5. McFarland, U.S.A. (Saturday, BBC2, 5.30pm)

Flickers: "The Image Book"


Some misguided souls will doubtless arrive here in the hope your correspondent will have made complete, top-to-tail sense of The Image Book, the latest dispatch from Jean-Luc Godard. The title of Godard's headscratching 3D opus of 2014 - Goodbye to Language - would suggest we're long past that point; to cite an earlier Godard title, it may now be Every Man for Himself. Arriving mere months after this most elusive cineaste's hurtful no-show at the finale of Agnes Varda's Faces Places, The Image Book might be dismissed as further proof that JLG became the cinema's foremost shut-in some while back, and that his films have become those of a man talking to himself (and himself alone) in the dark. Yet if their apparently random imagery and asynchronous sound have made it increasingly difficult to pin down what this director's going on about, it's still been just about possible to get a sense of how he's feeling about the world. In recent years, Godard titles have been a touch misleading in this respect. 2001's In Praise of Love came over as entirely despairing, where Goodbye to Language seemed less valedictorian than it did upbeat. The Image Book - which felt hopeful to this viewer, albeit in a roundabout way - turns out to be entirely aptly titled. Here is a film born of the desire to construct a flicker book of images, separated on screen by fades to black that would be the movie equivalent of turning a page. 

Nothing else is that simple. At this year's London Film Festival screening - held, somewhat improbably, at the IMAX in Waterloo - a warning pasted above the ticket booth cautioned of incoming "images of real death". Although one or two of the images in the film - of political assassinations, and the concentration camps - are clearly what this notice was referring to, it's often impossible to tell real from reel here. What Godard has mounted is an assemblage of clips, bits and pieces, some from movies we immediately recognise (VertigoSalò, Elephant), many from those we may not, some drawn from newsreel, others from CCTV, others still from films taped off the telly, so that their constituent frames are desaturated and defamiliarised. (This is very much the handiwork of the theorist Godard who once asserted that movies shown on TV aren't movies, rather reproductions of movies, like a Mona Lisa poster you might buy to hang in your front room.) This visual bric-à-brac has been overlaid with soundbites collected from diverse sources. Some of this speech has been subtitled for non-Francophone audiences, but much of it isn't; and just in case you were still under the impression this would be an easy-breezy night out at the pictures, sometimes subtitles appear where there is no dialogue to be heard. Incomprehension of at least some of the above is not an option, I would argue, but an obligation; "Chatting with a madman is an invaluable privilege" someone is heard to intone around the halfway mark, and by then, you may feel The Image Book has invited you to do exactly that.
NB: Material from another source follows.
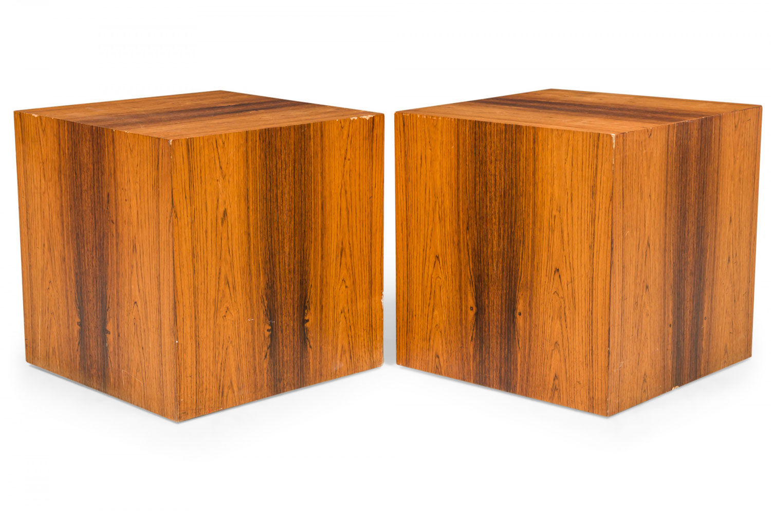 PAIR of American Mid-Century cube-shaped end / side tables with a rosewood veneer. (MILO BAUGHMAN FOR THAYER COGGIN)(PRICED AS PAIR).

Not for the first time with latter-day JLG, then, your experience (enjoyment seems too limited a word) will depend on the extent to which you're willing to enter into the game of "What's He Getting At?" I found the initial barrage of visual and verbal non-sequiturs challenging in the extreme; yet by minute twenty-five, I'd relaxed into and found myself more or less completely compelled by the way the images had started to flow before my eyes. (Godard has cut his own movies for the best part of fifty years now: we may not always understand his words, but his sentence structure is something else.) It helps that this timecheck coincided with a section that is clearly about trains - trains in the movies, trains in real life, no more, no less - which should arrive as a blessed relief to any hardy cinephile still trying to make head or tail of the singular artefact put before them here. We are suddenly presented with something akin to what Christian Marclay has done in his masterwork installation The Clock (still ticking away at Tate Modern): a filmmaker announcing that here is a theme, and here is how that theme has been filmed over the years. The Image Book thus reveals itself as a continuation of that encyclopaedic project Godard began with his Cahiers reviews and eventually reworked into his landmark Histoire(s) du Cinéma: an attempt to round up or corral the movies, to gather and communicate some sense of cinema en tout.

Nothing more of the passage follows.